I know it looks like a hot mess at first, but during a hot summer this recipe really works. Inspired by the watermelon we bought at the farmer’s market on Saturday mom and I thought a simple watermelon salad would be good for a lunch menu.

The first time I had a watermelon salad was in downtown Boston one afternoon. It was at a Mediterranean restaurant that was new to the area. The dish was great, and fancy looking as well. They had single cubes of watermelon placed over a few spinach leaves with a swirl of balsamic vinaigrette and complementing feta sprinkles. Now while that set-up might work for an appetizer at a restaurant, no one really has that kind of time, or patience for a quick lunch. So mine ended up looking more like this:



Not so bad if I say so myself. Now I’m going to try and walk you through this recipe as best as I can remember, but bear with me as this was a spur of the moment creation.

Watermelon Salad


  • 1 tbsp balsamic
  • 1 tbsp olive oil
  • pinch of salt and pepper (for taste)
  • 1 tsp garlic paste
  • Arugula
  • 1 watermelon (or 1 1/2 cup of watermelon cubes)
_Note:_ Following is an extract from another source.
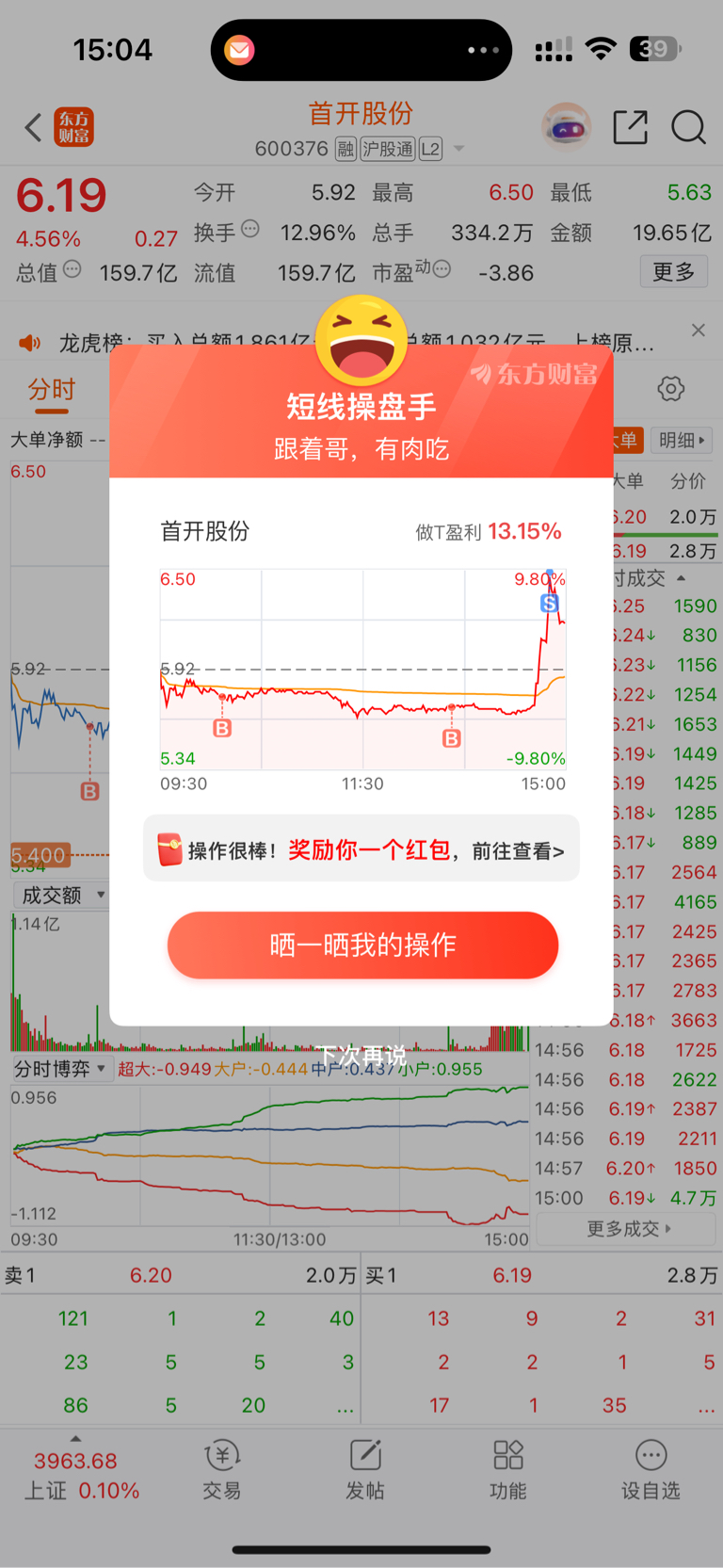 $首开股份(SH600376)$ 谢谢主力,虽然本金不多。但开心,第一次这样的操作

  1. Prep your watermelon if you need to. Using a cleaver or other large knife, cut your watermelon in half and then quarters. Using one quarter start to cut out cubes of the watermelon. Depending on your preference keep the seeds or carefully pick them out of your small cubes.
  2. After you have about 1 1/2 cup watermelon begin to prep your salad bowl with a row of arugula. You can use any salad for this but I think arugula goes the best.
  3. Next prepare the balsamic vinaigrette. Now I didn’t have any balsamic vinaigrette so I made my own by combing the olive oil and balsamic. After that I added the garlic and salt and pepper. The ingredients can be stirred with a spoon or whisk.
  4. Finally add the watermelon to the bowl of arugula, then add the vinaigrette.


*I added some oregano to my salad since I had the herb lying around. I think it added a nice addition to it. Also my arugula was planted next to a jalapeño plant and as a result had a little spicy kick to it which worked well. Yay organic farming!